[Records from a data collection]
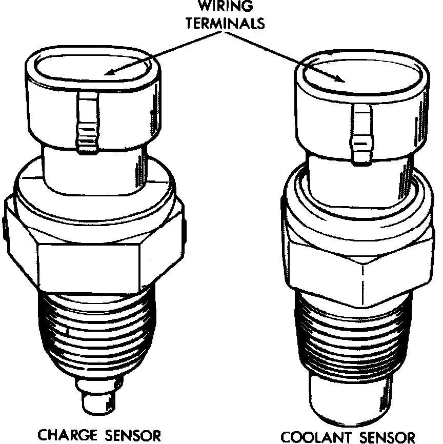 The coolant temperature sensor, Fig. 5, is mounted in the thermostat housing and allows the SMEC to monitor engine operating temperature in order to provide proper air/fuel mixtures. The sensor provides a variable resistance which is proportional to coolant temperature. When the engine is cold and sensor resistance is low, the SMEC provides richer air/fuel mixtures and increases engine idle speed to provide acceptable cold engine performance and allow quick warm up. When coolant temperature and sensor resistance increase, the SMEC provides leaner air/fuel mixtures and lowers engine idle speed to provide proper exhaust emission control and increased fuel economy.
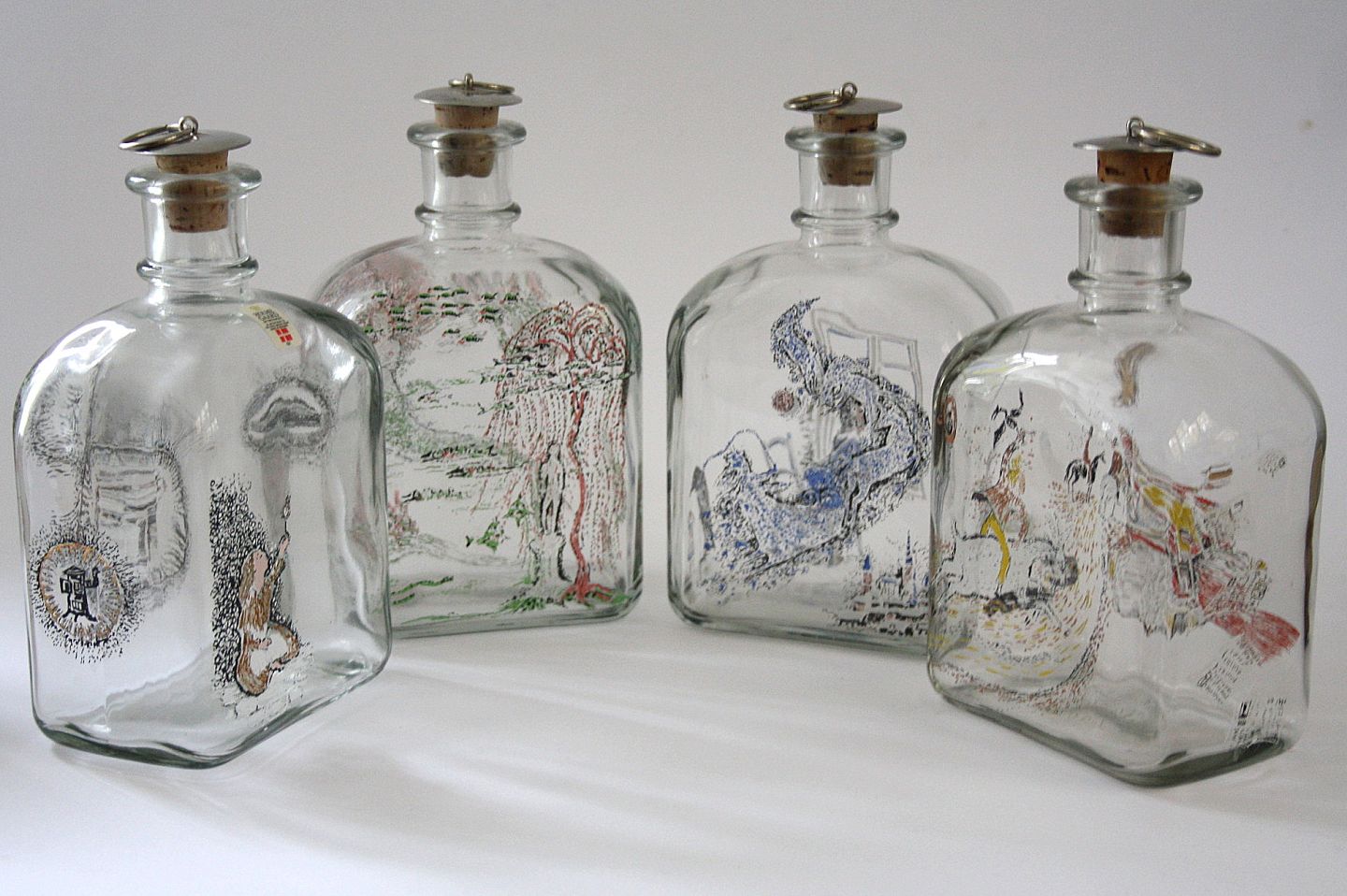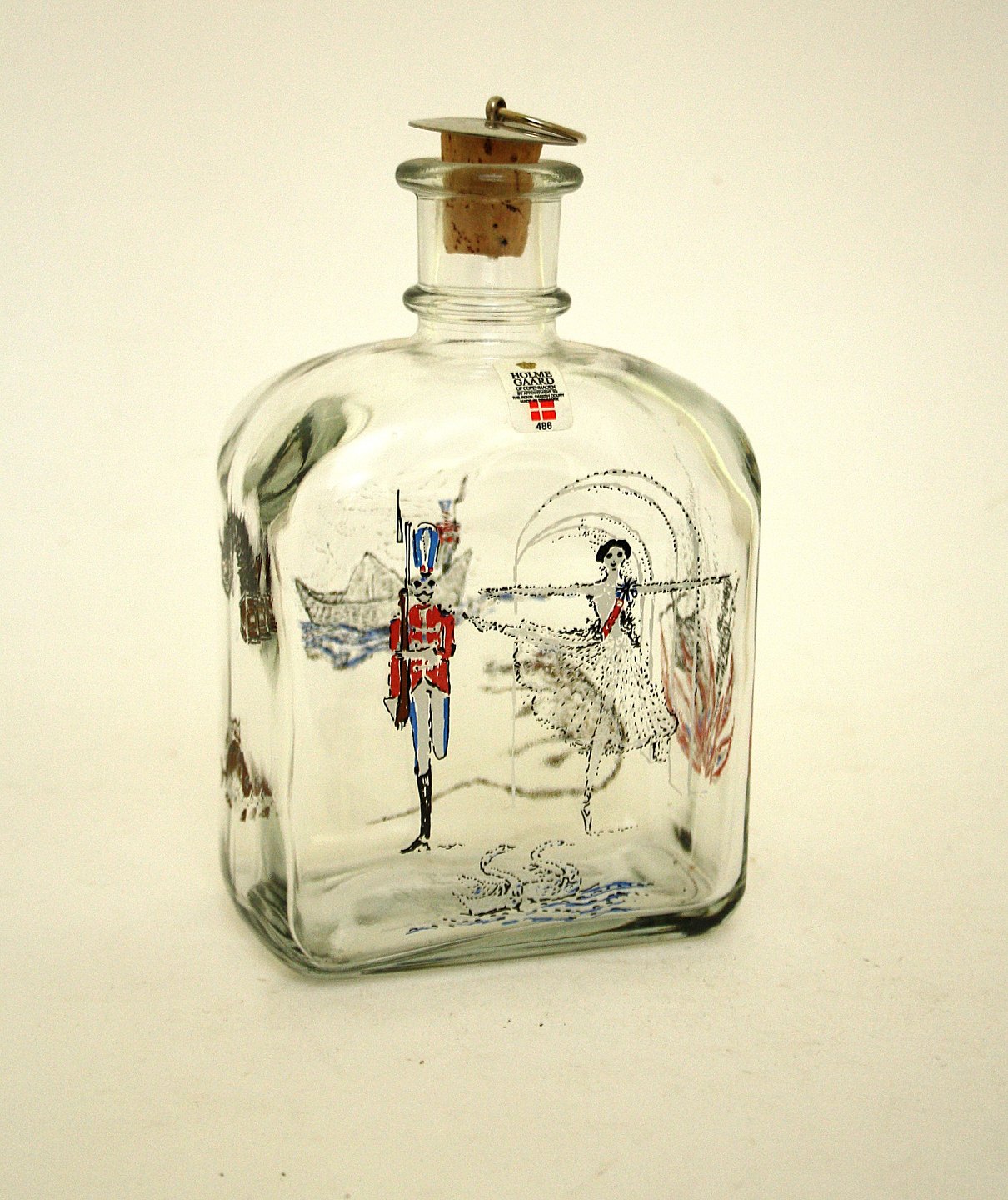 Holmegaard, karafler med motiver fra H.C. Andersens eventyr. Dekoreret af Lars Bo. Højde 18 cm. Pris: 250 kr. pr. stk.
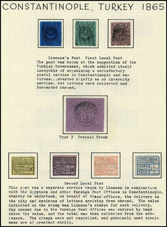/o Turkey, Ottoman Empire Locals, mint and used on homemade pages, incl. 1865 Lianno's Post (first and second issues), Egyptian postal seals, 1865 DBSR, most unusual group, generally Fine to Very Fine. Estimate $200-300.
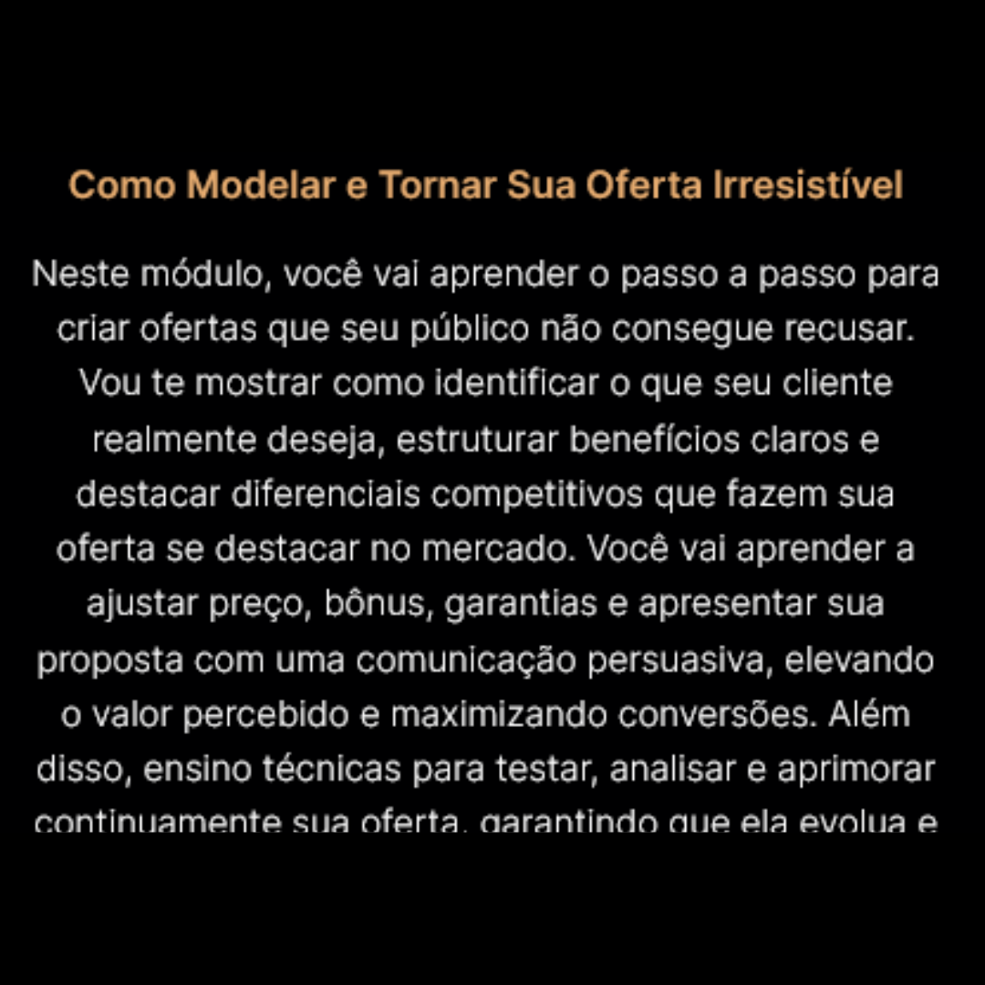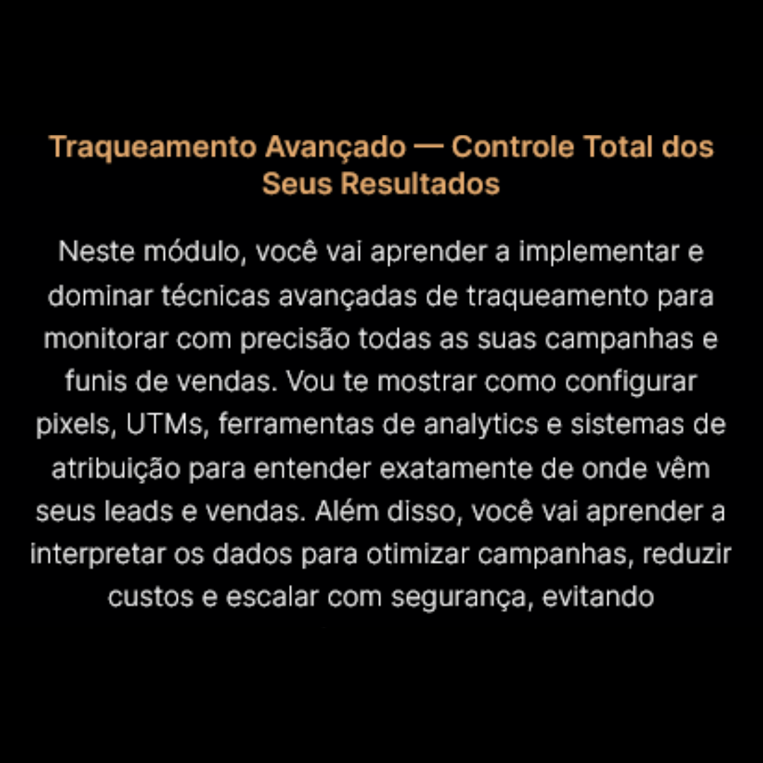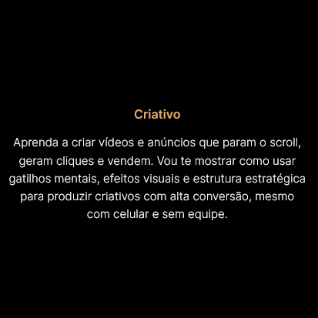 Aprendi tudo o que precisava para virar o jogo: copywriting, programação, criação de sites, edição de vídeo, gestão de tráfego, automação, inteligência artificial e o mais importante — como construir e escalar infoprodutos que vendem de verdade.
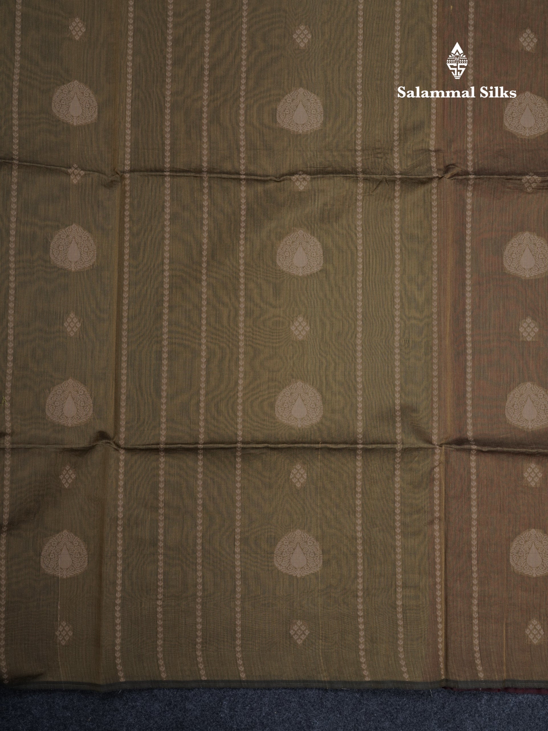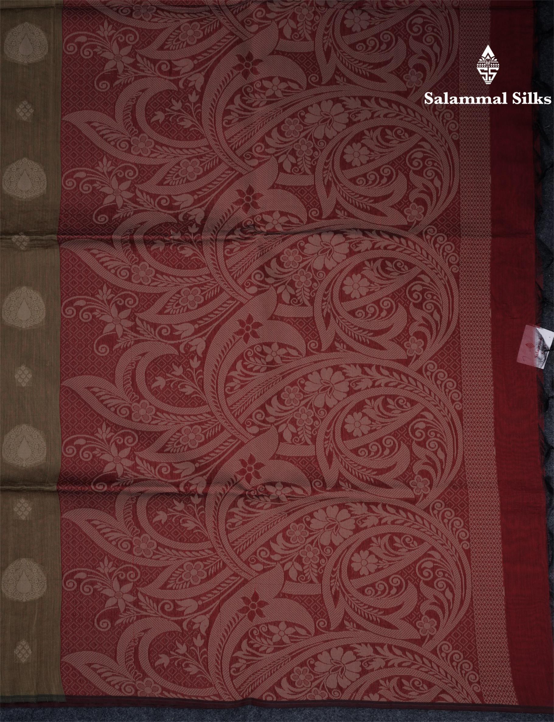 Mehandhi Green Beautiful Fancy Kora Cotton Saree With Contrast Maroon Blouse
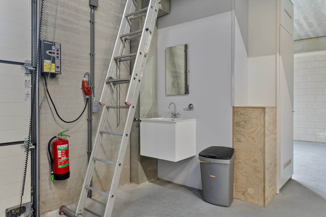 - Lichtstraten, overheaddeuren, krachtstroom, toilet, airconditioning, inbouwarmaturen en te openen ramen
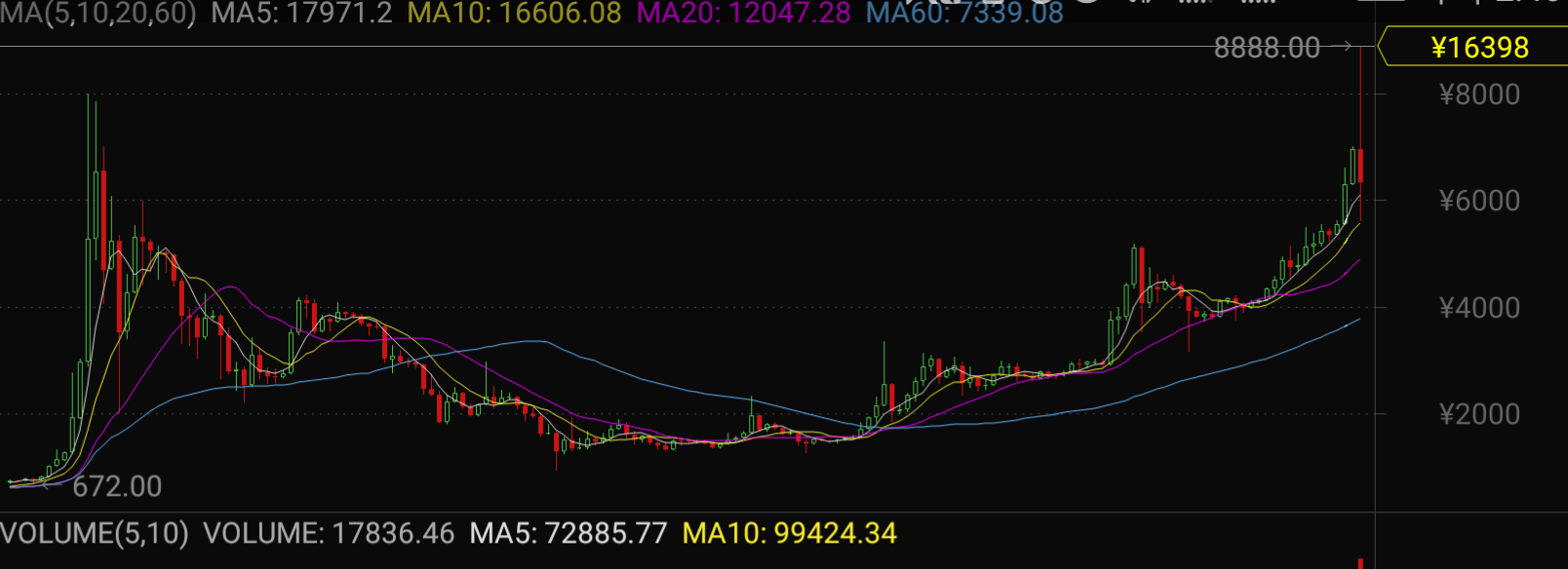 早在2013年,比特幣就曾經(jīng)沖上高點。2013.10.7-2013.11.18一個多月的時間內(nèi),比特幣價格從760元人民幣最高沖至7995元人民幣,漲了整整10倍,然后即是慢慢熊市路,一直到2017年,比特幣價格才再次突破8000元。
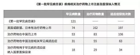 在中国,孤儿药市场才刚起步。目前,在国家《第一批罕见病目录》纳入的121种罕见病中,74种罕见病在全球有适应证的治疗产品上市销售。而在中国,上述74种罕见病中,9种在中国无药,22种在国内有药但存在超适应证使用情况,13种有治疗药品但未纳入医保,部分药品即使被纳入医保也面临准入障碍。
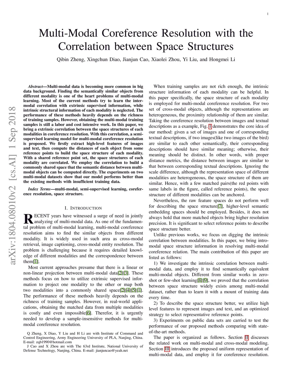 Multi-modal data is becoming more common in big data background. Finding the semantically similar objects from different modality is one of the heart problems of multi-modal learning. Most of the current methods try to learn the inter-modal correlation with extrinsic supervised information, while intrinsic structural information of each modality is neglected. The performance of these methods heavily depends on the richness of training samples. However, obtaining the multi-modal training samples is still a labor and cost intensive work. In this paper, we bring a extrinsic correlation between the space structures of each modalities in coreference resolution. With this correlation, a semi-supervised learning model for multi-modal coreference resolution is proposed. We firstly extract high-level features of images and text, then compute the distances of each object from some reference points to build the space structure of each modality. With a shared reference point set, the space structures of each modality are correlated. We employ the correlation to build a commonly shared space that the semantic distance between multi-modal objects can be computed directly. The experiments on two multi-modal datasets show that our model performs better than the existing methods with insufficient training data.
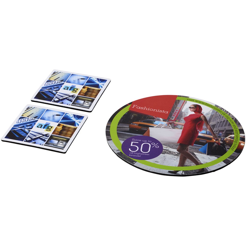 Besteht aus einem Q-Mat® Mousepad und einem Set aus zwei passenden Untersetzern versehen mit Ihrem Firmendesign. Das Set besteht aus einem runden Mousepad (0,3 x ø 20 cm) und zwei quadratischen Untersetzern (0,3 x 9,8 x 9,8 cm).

:: Your assignment ::
From the entries above, write out every line without a single change, skipping the images.

:: Answer ::
 The coolant temperature sensor, Fig. 5, is mounted in the thermostat housing and allows the SMEC to monitor engine operating temperature in order to provide proper air/fuel mixtures. The sensor provides a variable resistance which is proportional to coolant temperature. When the engine is cold and sensor resistance is low, the SMEC provides richer air/fuel mixtures and increases engine idle speed to provide acceptable cold engine performance and allow quick warm up. When coolant temperature and sensor resistance increase, the SMEC provides leaner air/fuel mixtures and lowers engine idle speed to provide proper exhaust emission control and increased fuel economy.
 Holmegaard, karafler med motiver fra H.C. Andersens eventyr. Dekoreret af Lars Bo. Højde 18 cm. Pris: 250 kr. pr. stk.
/o Turkey, Ottoman Empire Locals, mint and used on homemade pages, incl. 1865 Lianno's Post (first and second issues), Egyptian postal seals, 1865 DBSR, most unusual group, generally Fine to Very Fine. Estimate $200-300.
 Aprendi tudo o que precisava para virar o jogo: copywriting, programação, criação de sites, edição de vídeo, gestão de tráfego, automação, inteligência artificial e o mais importante — como construir e escalar infoprodutos que vendem de verdade.
 Mehandhi Green Beautiful Fancy Kora Cotton Saree With Contrast Maroon Blouse
 - Lichtstraten, overheaddeuren, krachtstroom, toilet, airconditioning, inbouwarmaturen en te openen ramen
 早在2013年,比特幣就曾經(jīng)沖上高點。2013.10.7-2013.11.18一個多月的時間內(nèi),比特幣價格從760元人民幣最高沖至7995元人民幣,漲了整整10倍,然后即是慢慢熊市路,一直到2017年,比特幣價格才再次突破8000元。
 在中国,孤儿药市场才刚起步。目前,在国家《第一批罕见病目录》纳入的121种罕见病中,74种罕见病在全球有适应证的治疗产品上市销售。而在中国,上述74种罕见病中,9种在中国无药,22种在国内有药但存在超适应证使用情况,13种有治疗药品但未纳入医保,部分药品即使被纳入医保也面临准入障碍。
 Multi-modal data is becoming more common in big data background. Finding the semantically similar objects from different modality is one of the heart problems of multi-modal learning. Most of the current methods try to learn the inter-modal correlation with extrinsic supervised information, while intrinsic structural information of each modality is neglected. The performance of these methods heavily depends on the richness of training samples. However, obtaining the multi-modal training samples is still a labor and cost intensive work. In this paper, we bring a extrinsic correlation between the space structures of each modalities in coreference resolution. With this correlation, a semi-supervised learning model for multi-modal coreference resolution is proposed. We firstly extract high-level features of images and text, then compute the distances of each object from some reference points to build the space structure of each modality. With a shared reference point set, the space structures of each modality are correlated. We employ the correlation to build a commonly shared space that the semantic distance between multi-modal objects can be computed directly. The experiments on two multi-modal datasets show that our model performs better than the existing methods with insufficient training data.
 Besteht aus einem Q-Mat® Mousepad und einem Set aus zwei passenden Untersetzern versehen mit Ihrem Firmendesign. Das Set besteht aus einem runden Mousepad (0,3 x ø 20 cm) und zwei quadratischen Untersetzern (0,3 x 9,8 x 9,8 cm).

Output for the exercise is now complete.